For our example, we’re going to use a 30yr fixed rate mortgage at 5.5% and a loan amount of $200k – you’ll see these figures in the top row highlighted in yellow. To the right, in the same row, you’ll see the monthly payment for this mortgage in BLUE, this is your minimum required payment. Beside that, in GREEN, is the total amount of money that comes out of your pocket to pay off that $200k mortgage (principal plus total interest paid) over the 30 year period. And lastly, in ORANGE, you’ll see the total amount of interest you’ll pay over the course of the loan. If you’re turned around on how exactly interest and payments are calculated, you can visit our mortgage calculators page to get yourself oriented.
If you look at the second line, in PURPLE, you’ll see how the first payment is broken down. Of the $1135.58 – $218.91 (19%) goes toward your principal, and the rest ($916.67) covers the interest. Now take a look at the loan balance in line one – that $218.91 barely made a scratch in the principal. Next, let’s move down to the fourth mortgage payment on line two (4). The required payment is the same but the principal and interest portions have shifted slightly. As the months go by, you’ll see that more of your monthly payment is going toward the principal as the overall loan balance decreases. So that’s the basics of an amortization schedule. If you want me to email you a blank excel spreadsheet that you can fool around with on your own, just email me.

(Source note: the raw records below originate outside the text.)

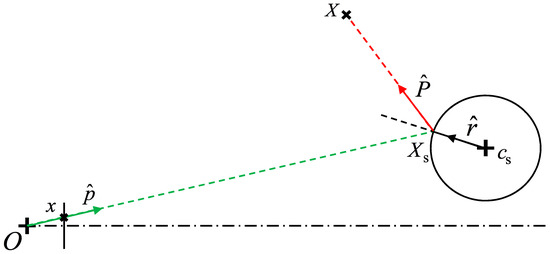 The “−” solution must be selected since the physical correct solution is determined by the closest point with respect to the origin. The direction of the projection ray can be directly determined by considering that the radius passing by Xs must be the bisector of the angle between and (Reflection Law). Thus, the sum gives a vector aligned with the radius and having a modulus equal to the double of the projection of , i.e., . Hence, it holds:
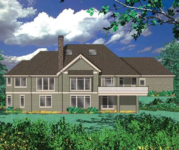This plan is designed for down sloping lots. Taking a twist on Craftsman detailing, this hillside home is perfect for lots that slope to the back. Stone accents on the facade complement cedar shingle siding; a double door entry features a transom window above.
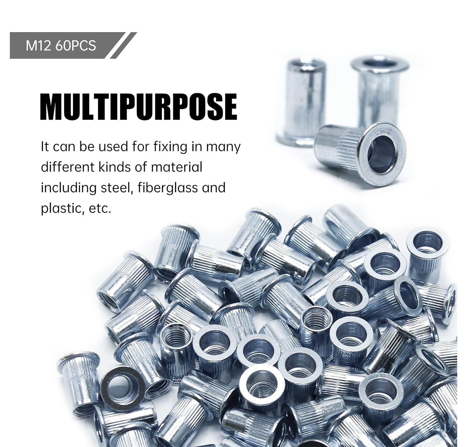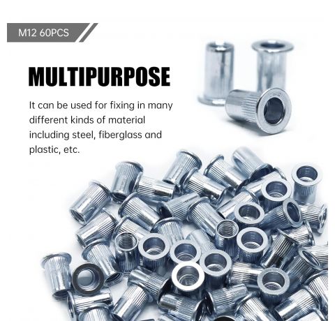- Vielseitige Anwendung: Dieses Set mit 60 M12 Nietmuttern und Blindnietmuttern eignet sich ideal für eine breite Palette von Anwendungen, einschließlich der sicheren Befestigung von Stahl, Glasfaser und Kunststoff.
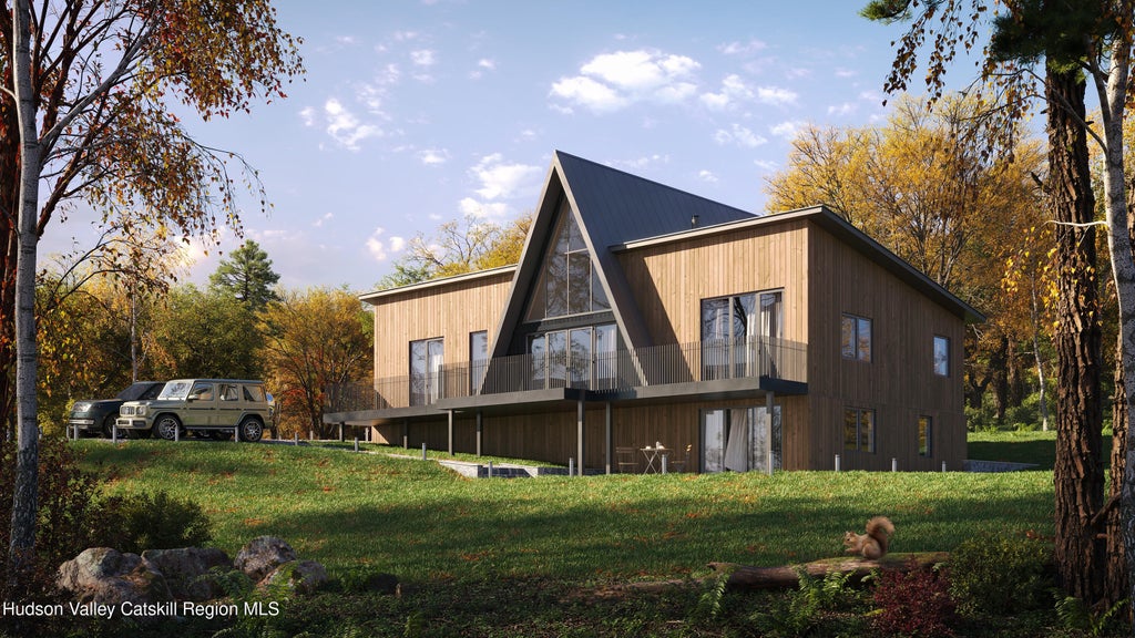 Welcome to the ultimate upstate escape—where sleek modern design meets breathtaking mountain views. This to-be-built stunner sits on 5 private acres in the heart of the Catskills, offering 3,334 sq ft of thoughtfully designed space with 3 bedrooms, 3 baths, plus a flex room to make your own. Step inside and be wowed by floor-to-ceiling windows flooding the open-concept living space with natural light and uninterrupted views. The gourmet kitchen is a showstopper, featuring custom cabinetry, a striking 12-foot waterfall island, and top-of-the-line appliances—perfect for hosting or just indulging in your morning coffee. The living and dining area exudes warmth with 25-foot vaulted ceilings, exposed beams, and a sleek fireplace, setting the scene for après-ski lounging or cozy nights in. The primary suite is a true retreat, complete with a spa-like ensuite, radiant heated floors, and a spacious walk-in closet. Two additional bedrooms on the opposite wing give guests their own space, while the fully finished walk-out lower level is ready for whatever you dream up—a home theater, game room, gym, or extra bedroom. And the best part? This home was designed for ultimate relaxation. Take in the panoramic views from your massive deck, then unwind in your private hot tub and sauna. With 7-inch-wide hardwood floors throughout and double and triple-glazed Pella windows framing the stunning Catskill landscape, this is luxury mountain living at its finest. If you're looking for the perfect mix of adventure and relaxation, Hunter and Windham, NY, are where it's at. Just about 2.5 hours from NYC, these charming Catskills towns are a dream for outdoor lovers—think epic skiing and snowboarding in the winter at Hunter and Windham Mountain, plus hiking, mountain biking, and waterfall chasing in the warmer months. The local scene is just as good, with cozy spots like Scribner's Lodge for après-ski vibes, The Windham Local for great coffee and bites, and West Kill Brewing for craft beers with a view. Whether you're after a weekend escape or a full-time mountain retreat, don't just visit the Catskills- live the dream!

Now let’s look at how making extra payments will affect these numbers. Let’s just say, that after running over your monthly budget, things are looking good and you have $200 extra that you’d like to put toward your mortgage every month. So you make the commitment and start adding that 200 onto your payment. If you stick with it until the end, below is what your updated amortization table will look like. Check out the principal column – you’re nearly doubling the contribution with that extra $200 during the months shown. The percentage of your payment going to the principal goes from 19% to 37%. MOST importantly, compare the total payments (green) and the total interest paid (orange) – by making these extra payments – you’re skipping out on $97,826 worth of interest – not bad at all.
Lastly, let’s look at the affect of these payments on the payoff period. Typically the 30 yr fixed rate loan would take 360 payments to pay off – 12 per year for 30 years. But, because we’ve made our extra payments, we’ve almost cut the loan term in half – from 30 years to 17 years and two months.
The long and short of it is this: we’ve put quite a bit of money toward the mortgage than we had to, but we saved a ton and shortened the term of the loan. I really suggest this strategy to those who plan on staying in their home for quite a while and who really want to get this monthly payment off their books. It’s definitely not for everyone and there are some other (better) ways your money could be working for you, but regardless, lots of folks want to pursue this avenue and I thought I’d give a clear explanation of how what affects it has on your loan.